One study indicates that taking up to four grams orally per day is an effective and well-tolerated dose. However, this is much higher than the standard dose recommended on supplement products, so consult your health care provider before taking larger doses.

Rutin vs. Quercetin

Rutin is a glycoside of the flavonoid quercetin. It comes from the combination of quercetin and the disaccharide (a sugar) rutinose. In fact, it is sometimes referred to as purple quercetin.

Quercetin is also a type of flavonoid antioxidant that’s found in plants, including berries, broccoli and leafy greens. Quercetin is taken in capsule or tablet forms to fight oxidative stress, reduce inflammation, improve cardiovascular health, boost circulation and reverse cognitive impairment.

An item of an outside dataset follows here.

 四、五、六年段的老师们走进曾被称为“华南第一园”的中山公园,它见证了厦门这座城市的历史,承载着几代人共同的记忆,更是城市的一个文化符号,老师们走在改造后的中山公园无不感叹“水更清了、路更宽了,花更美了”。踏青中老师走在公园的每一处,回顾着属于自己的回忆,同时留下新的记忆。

Both of these supplements are widely available. They can be found in many forms, with the amount of the active ingredient varying from product to product.

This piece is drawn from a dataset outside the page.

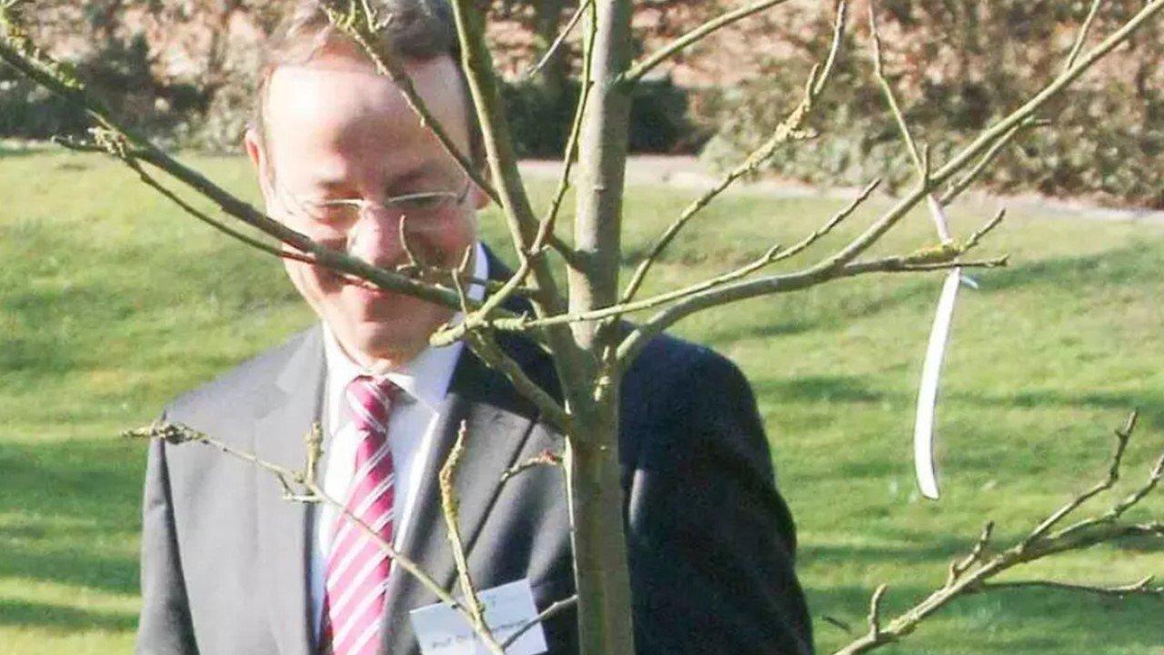 На фото: Профессор Фолькхард Изермейер сажает дерево в 2015 году (Источник изображения: picture alliance / BREUEL-BILD)

It’s easy to add rutin foods to your diet because you can find the flavonoid in many common fruits and vegetables, including most citrus fruits, apple peels, asparagus and onions.

Capers also contain a good amount. This Olive Tapenade Recipe contains ½ cup of capers, so it is the perfect snack or appetizer for anyone trying to increase her intake of this bioflavonoid.

Buckwheat is another great source of this antioxidant. Buckwheat nutrition also includes a good amount of protein and fiber, so it’s an excellent food for your heart and digestion. It’s a gluten-free grain that can be added to salads, soups and chili recipes. You can also use buckwheat flour or buckwheat noodles in your cooking.

This Soba Noodles Recipe is made with buckwheat soba noodles. It also contains health-promoting veggies like carrots, bell pepper, red cabbage and onions.

Aside from eating apples raw to increase your rutin consumption, try this Baked Apple Rings recipe. It makes for a great snack and works to curb your hunger too.

Risks and Side Effects

Generally, rutin is considered safe when taken in recommended doses and consumed in foods. There have been reports of minor rutin side effects, including headache, rashes, upset stomach and flushing. Before starting any new supplement, consult with your health care provider, especially if you already take prescription medications.

It is possible to have a rutin allergy. Symptoms include eye and respiratory irritation and adverse skin reactions.

Rutin is not recommended for women who are pregnant or nursing because there is not enough evidence to be sure that it’s safe under these circumstances.

Final Thoughts

  • Rutin is a bioflavonoid that’s found in certain plants. It comprises quercetin and rutinose, and it gets its name from the plant Ruta graveolens.
  • Like all flavonoids, it has powerful antioxidant and anti-inflammatory effects. When consumed naturally in foods or taken in supplement form, this antioxidant has the power to benefit the health of your heart, brain, blood vessels and skin.
  • Some of the best sources of this powerful antioxidant include apples, figs, most citrus fruits, buckwheat, capers and black tea.